Exercise material:
________________________

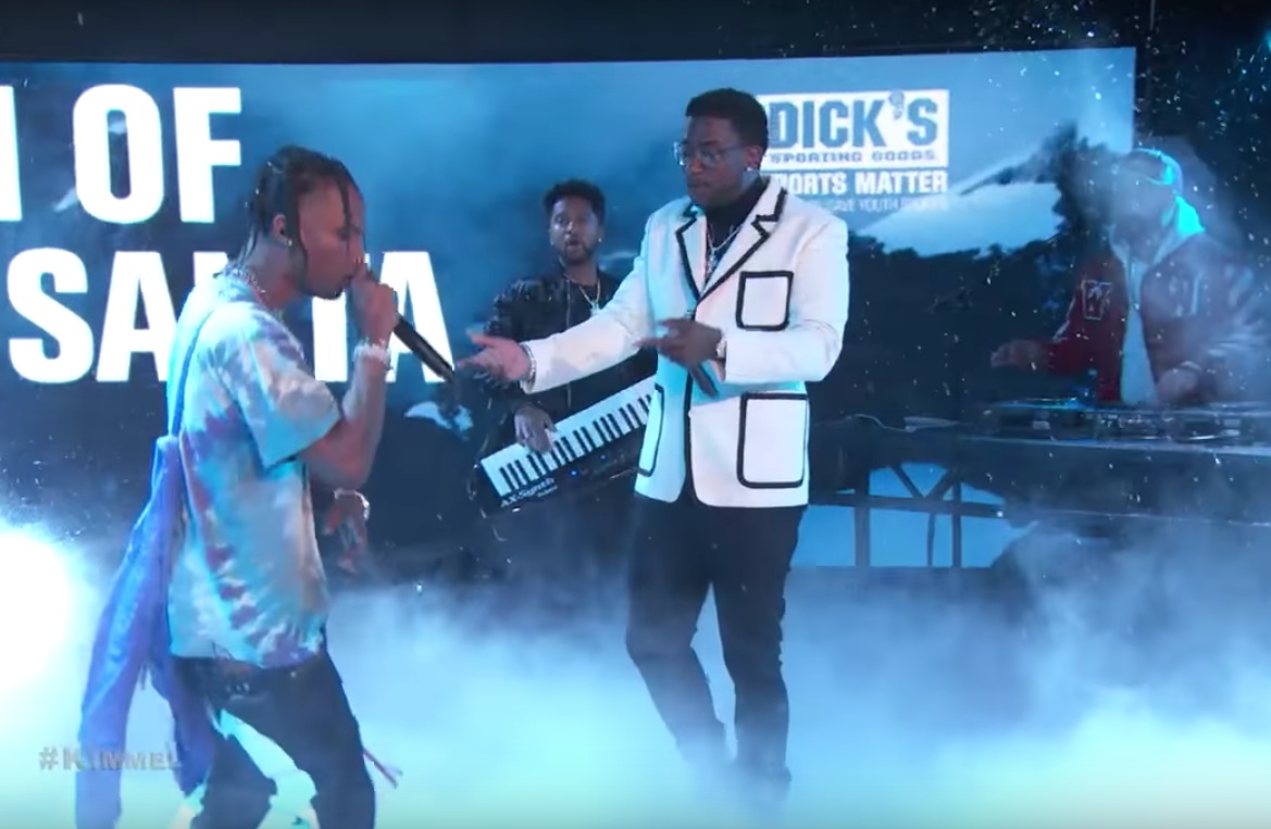 Gucci Mane is now cranking out new albums so quickly that the promo machine can't catch up. Later this week, Gucci will release his new LP The Return Of East Atlanta Santa. But last night, he was on TV doing the first single from Woptober, his last album -- which, after all, is barely two months old. On Jimmy Kimmel Live, Gucci did the banger "Last Time" with robo-voiced guest Travis Scott, who seemed to understand that he was a supporting player and who acted reasonably subdued. The stage was full of dry ice and fake snow, and Gucci had a DJ and a keytaurist backing him up. He also wore a fucking amazing suit. Network censors didn't like his "they call me Gucci Mane Picasso cuz I painted they face" line, but they were apparently OK with all of Travis Scott's lyrics about drugs. Watch the performance below.
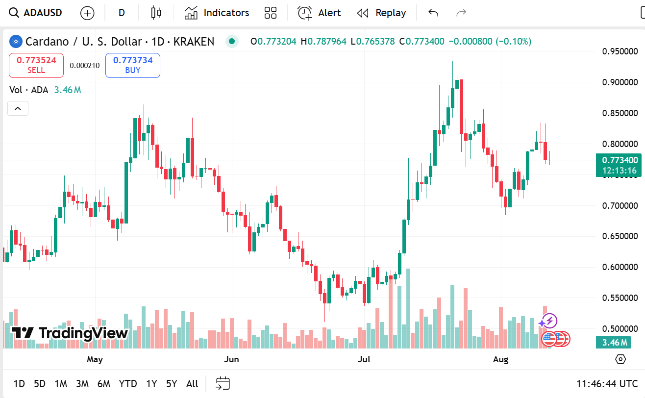 Cardano (ADA) liegt bei 0,7896 US-Dollar, 1,32 % niedriger in den letzten 24 Stunden, mit einer Marktkapitalisierung von 27,26 Milliarden US-Dollar. Das Handelsvolumen liegt bei 1,21 Milliarden US-Dollar, ein Anstieg von 8,48 %.
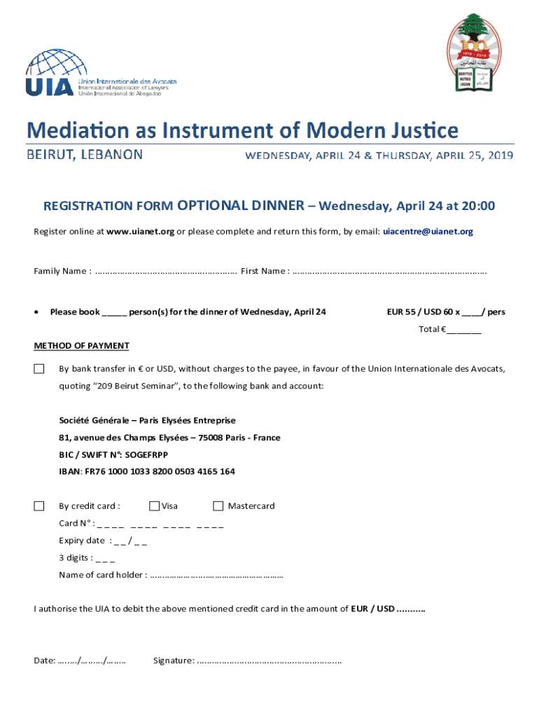 REGISTRATION FORM OPTIONAL DINNER Wednesday, April 24 at 20:00 Register online at www.uianet.org or please complete and return this form, by email: uiacentre@uianet.orgFamily Name : .........................................................
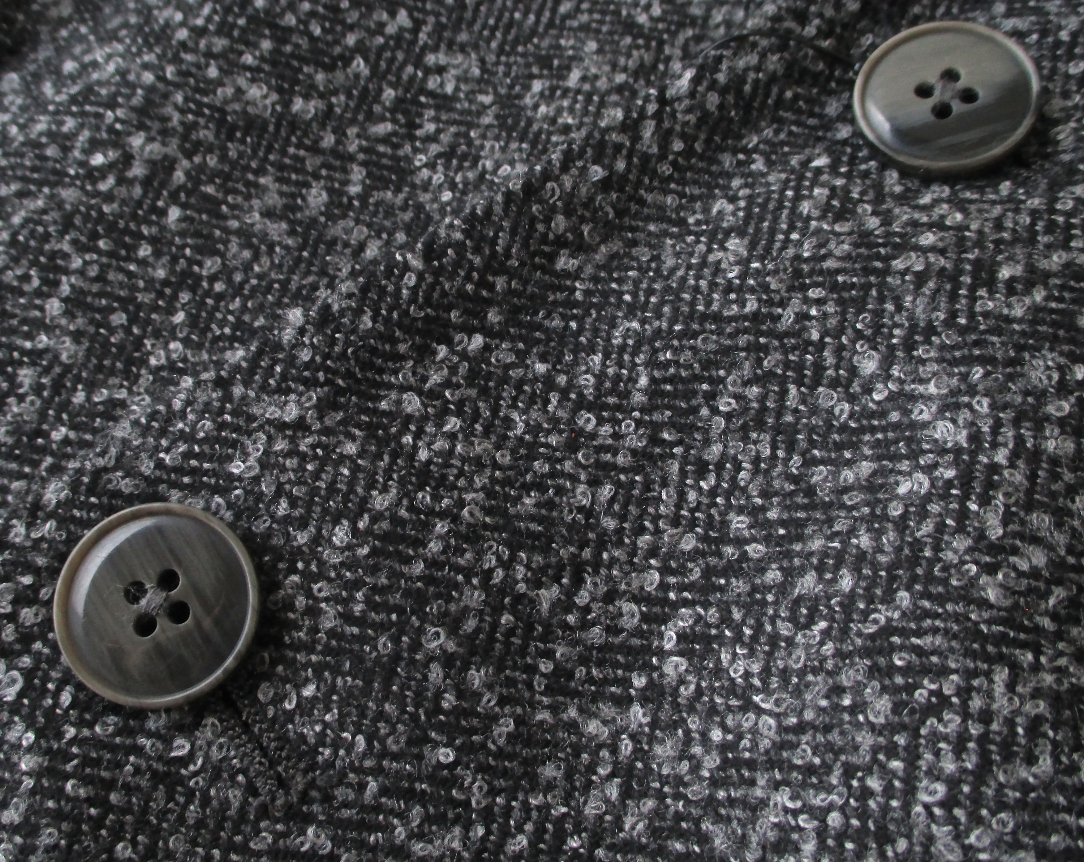 ヘリンボーン柄を不規則な形にしたブロークンヘリンボーン柄。ランダムに浮き出たライトグレイの糸によって、非常に表情豊かに感じます。ウールを中心とした4種混紡の生地は、暖かみのある顔つきでいて、他のジャケットとは一線を画す存在感があります。
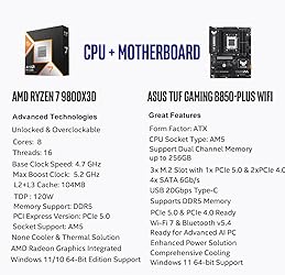 AMD Ryzen 7 9800X3D Desktop Processor, 8-Core, 16-Thread, 5.2 GHz Max Boost, Unlocked for overclocking, L2+L3 104 MB cache, DDR5, Default TDP 120W. The world's fastest gaming processor, built on AMD Zen5 technology and Next Gen 3D V-Cache For the state-of-the-art Socket AM5 platform, can support PCIe 5.0 on select motherboards. OS Support: Windows 11/ 10-64-Bit Edition. Cooler & Thermal Solution (PIB) not included. AMD Radeon Graphics Integrated ASUS TUF Gaming B850-PLUS Motherboard, ATX Form Factor, AMD Socket AM5, Dual Channel Memory DDR5 up to 256GB Support, PCIe 5.0, 1x PCIe 5.0 x4 M.2 Slot, 2x PCIe 5.0 x4 M.2 Slot, 4x SATA 6Gb/s ports, Wi-Fi 7, Bluetooth v5.4, Windows 11 Support, Ready for AMD Ryzen 9000 & 8000 & 7000 Series Desktop Processors Ready for Advanced AI PC: Designed for the future of AI computing, with the power and connectivity needed for demanding AI applications;/ Enhanced Power Solution: 14+2+1 80A DrMOS power stages, 8-layer PCB, 8+8 pin ProCool power connectors, alloy chokes and durable capacitors for stable power delivery;/ Latest M.2 Support: One onboard PCIe 5.0 M.2 slot and two PCIe 4.0 M.2 slots, equipped with all M.2 heatsinks Ultrafast Connectivity: Wi-Fi 7, PCIe 5.0 x16 slot, Realtek 2.5Gb Ethernet, rear USB 20Gbps Type-C port, front USB 10Gbps Type-C connector, Thunderbolt (USB4) header support;/ Comprehensive Cooling: Enlarged VRM heatsink, three M.2 heatsinks, PCH heatsink, hybrid fan headers and Fan Xpert 4;/ DIY Friendly Design: PCIe Slot Q-Release, new M.2 Q-Latch, Q-Antenna, Q-Dashboard, Q-LED, BIOS FlashBack and Pre-mounted I/O shield
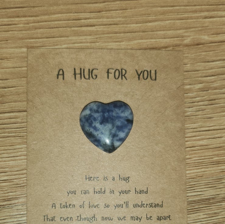 The gemstone heart will arrive attached to the message gift card in a gift bag. The heart can be removed easily so it can be carried with you at all time, ideal gift for people who maybe travelling or to show someone your love and support
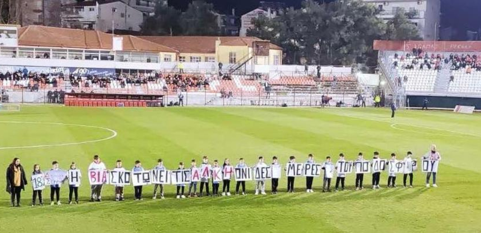 Ο Πανσερραϊκός υποδέχεται στις 19:30 τον Βόλο στο πλαίσιο της 21ης αγωνιστικής, ωστόσο, τις εντυπώσεις έκλεψε πριν από την έναρξη του αγώνα ένα πανό με σύνθημα «Η βία σκοτώνει τις ΑΛΚΗονίδες μέρες του ποδοσφαίρου» που σήκωσαν στο κέντρο του γηπέδου οι μαθητές του 18ου Δημοτικού Σχολείου Σερρών.
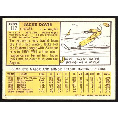 This is a 1963 Topps Jacke Davis baseball card. The card is #117 and pictures show condition.
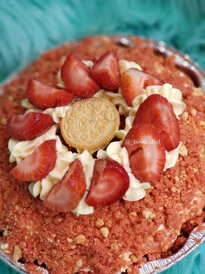 Discover a world of pure bliss with our Personal Pan, Strawberry Crunch Cake, carefully crafted to deliver an unforgettable taste experience with layers of decadent delight and a range of toppings to choose from – including whip cream, buttercream, cream cheese frosting, fresh strawberry halves, and strawberry glaze – every bite is a revelation.
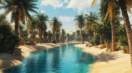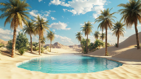 A serene desert oasis with clear blue water, surrounded by swaying palm trees and golden sand dunes, under a bright sunny sky, tranquil and inspiring.
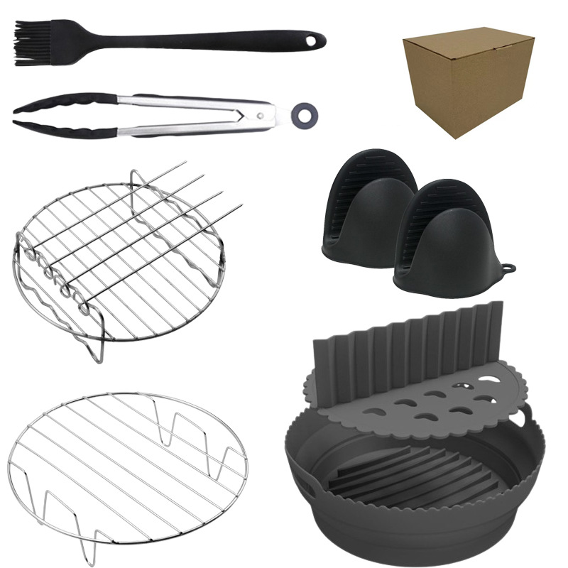 국경 TEMU 뜨거운 판매 공기 프라이어 실리콘 라인 304 스테인레스 스틸 기선 그릴 8 조각 공장 재고
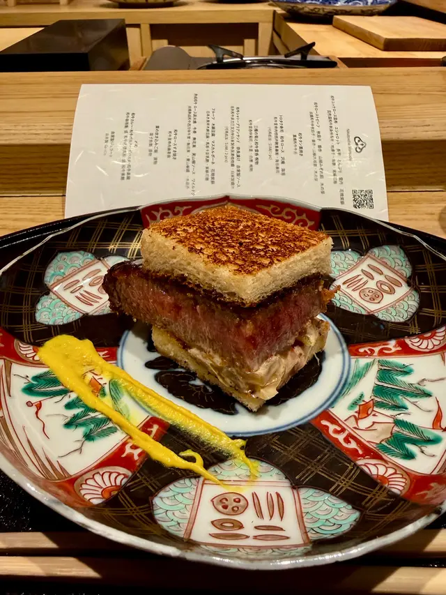 最近終於俾我排到中環呢間日本過江龍,午市嚟食性價比高👍🏻 岩晒想食高質和牛嘅朋友仔❤️ 再加上超水準服務態度~ 令人感受到極致割煮盛宴,原來可以去到咁完美~ 每樣菜式都做得非常令人回味,最鍾意係和牛三文治同壽喜燒~真心推薦!值得再黎👍🏻先講昆布漬和牛刺身~ 和牛刺身切得薄薄片,昆布漬得勁入味,咬落去勁嫩滑多汁,帶陣海藻鮮香,海膽勁鮮甜突出,口感層次分明🥢之後嚟咗炭燒和牛伴秋茄子有齊銀杏、山椒大根蓉、木の芽,和牛炭燒得外焦內嫩,肉汁鎖住,咬落去牛香勁濃郁,而山椒大根蓉微微辣提味‼️藁燒和牛牛舌估唔到用禾稈草煙燻牛舌係咁好食!除咗彈牙有嚼勁,煙燻入味,大大提升牛舌回甘嘅感覺! 可以話係必食❤️💥和牛里脊肉他他上等牛肩背配上醃黃蘿蔔切到極細! 口感滑緻冇揸!仲帶出少少酸甜,配海苔壽司咬落去口感豐富,食完勁開胃👍🏻和牛雲吞師傅上菜前會先用清水噴濕湯碗表面😱 估唔到係源自當年戰國時代,招待貴賓時,作為食品安全嘅表現。雲吞皮薄薄哋,湯頭清甜帶陣薑香🔥吉列和牛菲力三文治重點黎喇‼️ 師傅用上精心熟成兩個月嘅宮崎縣西冷牛扒製作嘅三文治🥪 油脂爆炸,勁好食停唔到口🔥熟成和牛炭燒熟成後牛味更勁濃,好想再食多件🥹🤩和牛里脊肉壽喜燒+ 栗子炊飯壽喜燒配和牛簡直係絕配~ 牛肉,加上蛋黃嫩上加嫩! 加埋栗子炊飯一啖食入口~ 有啲升仙嘅感覺🤣⭐️和牛咖哩飯最後煮食揀咗咖喱飯~ 咖喱偏辛口,和牛碎入味。食完飽得非常滿足🍦甜品自家製 Gelato 今次係南瓜味,味濃!好似食左成個南瓜但同時滑順入口,甜度啱啱好👍🏻 作為完滿總結…查看更多
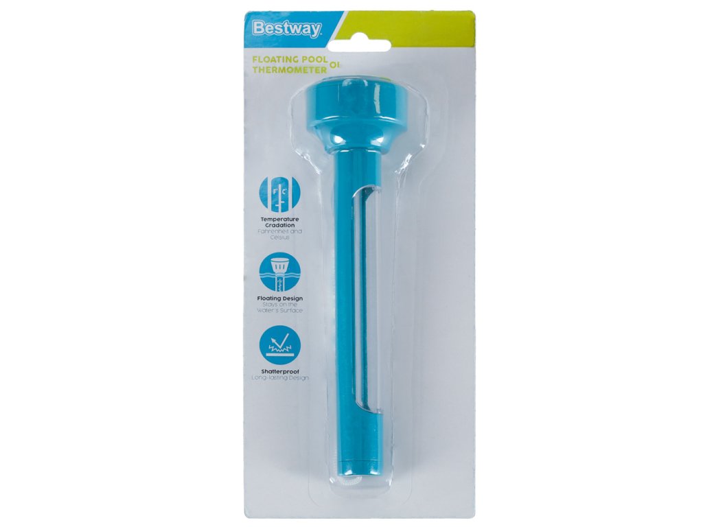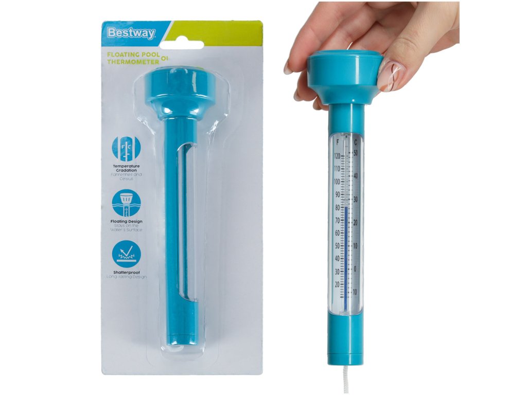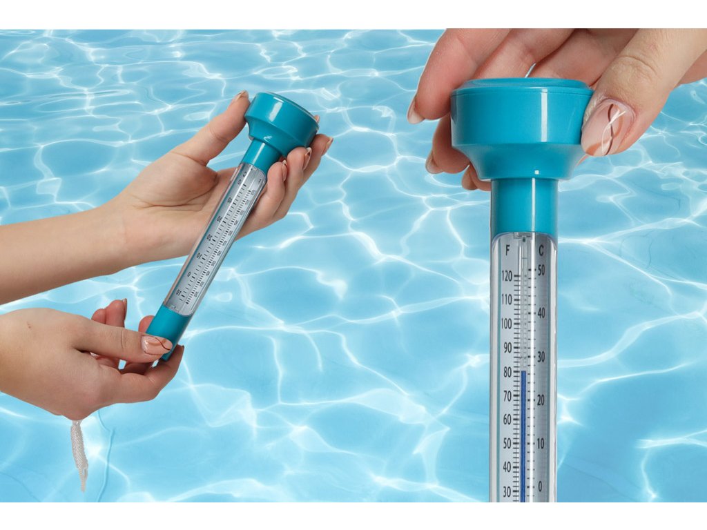 Bazenski termometar je jedan od onih dodataka koji će vam sigurno biti korisni tijekom ljetnih mjeseci. Uz njegovu pomoć lako možete provjeriti, je li voda u vašem bazenu dovoljno topla. Zahvaljujući posebnoj konstrukciji termometar stalno pluta na površini vode. Osim toga, dostupna jeuzica za njegovo pričvršćivanje na okvir bazena.

________________________

What is being asked: Please repeat the entries exactly. Do not include the pictures.

Solution to this problem:
 Gucci Mane is now cranking out new albums so quickly that the promo machine can't catch up. Later this week, Gucci will release his new LP The Return Of East Atlanta Santa. But last night, he was on TV doing the first single from Woptober, his last album -- which, after all, is barely two months old. On Jimmy Kimmel Live, Gucci did the banger "Last Time" with robo-voiced guest Travis Scott, who seemed to understand that he was a supporting player and who acted reasonably subdued. The stage was full of dry ice and fake snow, and Gucci had a DJ and a keytaurist backing him up. He also wore a fucking amazing suit. Network censors didn't like his "they call me Gucci Mane Picasso cuz I painted they face" line, but they were apparently OK with all of Travis Scott's lyrics about drugs. Watch the performance below.
 Cardano (ADA) liegt bei 0,7896 US-Dollar, 1,32 % niedriger in den letzten 24 Stunden, mit einer Marktkapitalisierung von 27,26 Milliarden US-Dollar. Das Handelsvolumen liegt bei 1,21 Milliarden US-Dollar, ein Anstieg von 8,48 %.
 REGISTRATION FORM OPTIONAL DINNER Wednesday, April 24 at 20:00 Register online at www.uianet.org or please complete and return this form, by email: uiacentre@uianet.orgFamily Name : .........................................................
 ヘリンボーン柄を不規則な形にしたブロークンヘリンボーン柄。ランダムに浮き出たライトグレイの糸によって、非常に表情豊かに感じます。ウールを中心とした4種混紡の生地は、暖かみのある顔つきでいて、他のジャケットとは一線を画す存在感があります。
 AMD Ryzen 7 9800X3D Desktop Processor, 8-Core, 16-Thread, 5.2 GHz Max Boost, Unlocked for overclocking, L2+L3 104 MB cache, DDR5, Default TDP 120W. The world's fastest gaming processor, built on AMD Zen5 technology and Next Gen 3D V-Cache For the state-of-the-art Socket AM5 platform, can support PCIe 5.0 on select motherboards. OS Support: Windows 11/ 10-64-Bit Edition. Cooler & Thermal Solution (PIB) not included. AMD Radeon Graphics Integrated ASUS TUF Gaming B850-PLUS Motherboard, ATX Form Factor, AMD Socket AM5, Dual Channel Memory DDR5 up to 256GB Support, PCIe 5.0, 1x PCIe 5.0 x4 M.2 Slot, 2x PCIe 5.0 x4 M.2 Slot, 4x SATA 6Gb/s ports, Wi-Fi 7, Bluetooth v5.4, Windows 11 Support, Ready for AMD Ryzen 9000 & 8000 & 7000 Series Desktop Processors Ready for Advanced AI PC: Designed for the future of AI computing, with the power and connectivity needed for demanding AI applications;/ Enhanced Power Solution: 14+2+1 80A DrMOS power stages, 8-layer PCB, 8+8 pin ProCool power connectors, alloy chokes and durable capacitors for stable power delivery;/ Latest M.2 Support: One onboard PCIe 5.0 M.2 slot and two PCIe 4.0 M.2 slots, equipped with all M.2 heatsinks Ultrafast Connectivity: Wi-Fi 7, PCIe 5.0 x16 slot, Realtek 2.5Gb Ethernet, rear USB 20Gbps Type-C port, front USB 10Gbps Type-C connector, Thunderbolt (USB4) header support;/ Comprehensive Cooling: Enlarged VRM heatsink, three M.2 heatsinks, PCH heatsink, hybrid fan headers and Fan Xpert 4;/ DIY Friendly Design: PCIe Slot Q-Release, new M.2 Q-Latch, Q-Antenna, Q-Dashboard, Q-LED, BIOS FlashBack and Pre-mounted I/O shield
 The gemstone heart will arrive attached to the message gift card in a gift bag. The heart can be removed easily so it can be carried with you at all time, ideal gift for people who maybe travelling or to show someone your love and support
 Ο Πανσερραϊκός υποδέχεται στις 19:30 τον Βόλο στο πλαίσιο της 21ης αγωνιστικής, ωστόσο, τις εντυπώσεις έκλεψε πριν από την έναρξη του αγώνα ένα πανό με σύνθημα «Η βία σκοτώνει τις ΑΛΚΗονίδες μέρες του ποδοσφαίρου» που σήκωσαν στο κέντρο του γηπέδου οι μαθητές του 18ου Δημοτικού Σχολείου Σερρών.
 This is a 1963 Topps Jacke Davis baseball card. The card is #117 and pictures show condition.
 Discover a world of pure bliss with our Personal Pan, Strawberry Crunch Cake, carefully crafted to deliver an unforgettable taste experience with layers of decadent delight and a range of toppings to choose from – including whip cream, buttercream, cream cheese frosting, fresh strawberry halves, and strawberry glaze – every bite is a revelation.
 A serene desert oasis with clear blue water, surrounded by swaying palm trees and golden sand dunes, under a bright sunny sky, tranquil and inspiring.
 국경 TEMU 뜨거운 판매 공기 프라이어 실리콘 라인 304 스테인레스 스틸 기선 그릴 8 조각 공장 재고
 最近終於俾我排到中環呢間日本過江龍,午市嚟食性價比高👍🏻 岩晒想食高質和牛嘅朋友仔❤️ 再加上超水準服務態度~ 令人感受到極致割煮盛宴,原來可以去到咁完美~ 每樣菜式都做得非常令人回味,最鍾意係和牛三文治同壽喜燒~真心推薦!值得再黎👍🏻先講昆布漬和牛刺身~ 和牛刺身切得薄薄片,昆布漬得勁入味,咬落去勁嫩滑多汁,帶陣海藻鮮香,海膽勁鮮甜突出,口感層次分明🥢之後嚟咗炭燒和牛伴秋茄子有齊銀杏、山椒大根蓉、木の芽,和牛炭燒得外焦內嫩,肉汁鎖住,咬落去牛香勁濃郁,而山椒大根蓉微微辣提味‼️藁燒和牛牛舌估唔到用禾稈草煙燻牛舌係咁好食!除咗彈牙有嚼勁,煙燻入味,大大提升牛舌回甘嘅感覺! 可以話係必食❤️💥和牛里脊肉他他上等牛肩背配上醃黃蘿蔔切到極細! 口感滑緻冇揸!仲帶出少少酸甜,配海苔壽司咬落去口感豐富,食完勁開胃👍🏻和牛雲吞師傅上菜前會先用清水噴濕湯碗表面😱 估唔到係源自當年戰國時代,招待貴賓時,作為食品安全嘅表現。雲吞皮薄薄哋,湯頭清甜帶陣薑香🔥吉列和牛菲力三文治重點黎喇‼️ 師傅用上精心熟成兩個月嘅宮崎縣西冷牛扒製作嘅三文治🥪 油脂爆炸,勁好食停唔到口🔥熟成和牛炭燒熟成後牛味更勁濃,好想再食多件🥹🤩和牛里脊肉壽喜燒+ 栗子炊飯壽喜燒配和牛簡直係絕配~ 牛肉,加上蛋黃嫩上加嫩! 加埋栗子炊飯一啖食入口~ 有啲升仙嘅感覺🤣⭐️和牛咖哩飯最後煮食揀咗咖喱飯~ 咖喱偏辛口,和牛碎入味。食完飽得非常滿足🍦甜品自家製 Gelato 今次係南瓜味,味濃!好似食左成個南瓜但同時滑順入口,甜度啱啱好👍🏻 作為完滿總結…查看更多
 Bazenski termometar je jedan od onih dodataka koji će vam sigurno biti korisni tijekom ljetnih mjeseci. Uz njegovu pomoć lako možete provjeriti, je li voda u vašem bazenu dovoljno topla. Zahvaljujući posebnoj konstrukciji termometar stalno pluta na površini vode. Osim toga, dostupna jeuzica za njegovo pričvršćivanje na okvir bazena.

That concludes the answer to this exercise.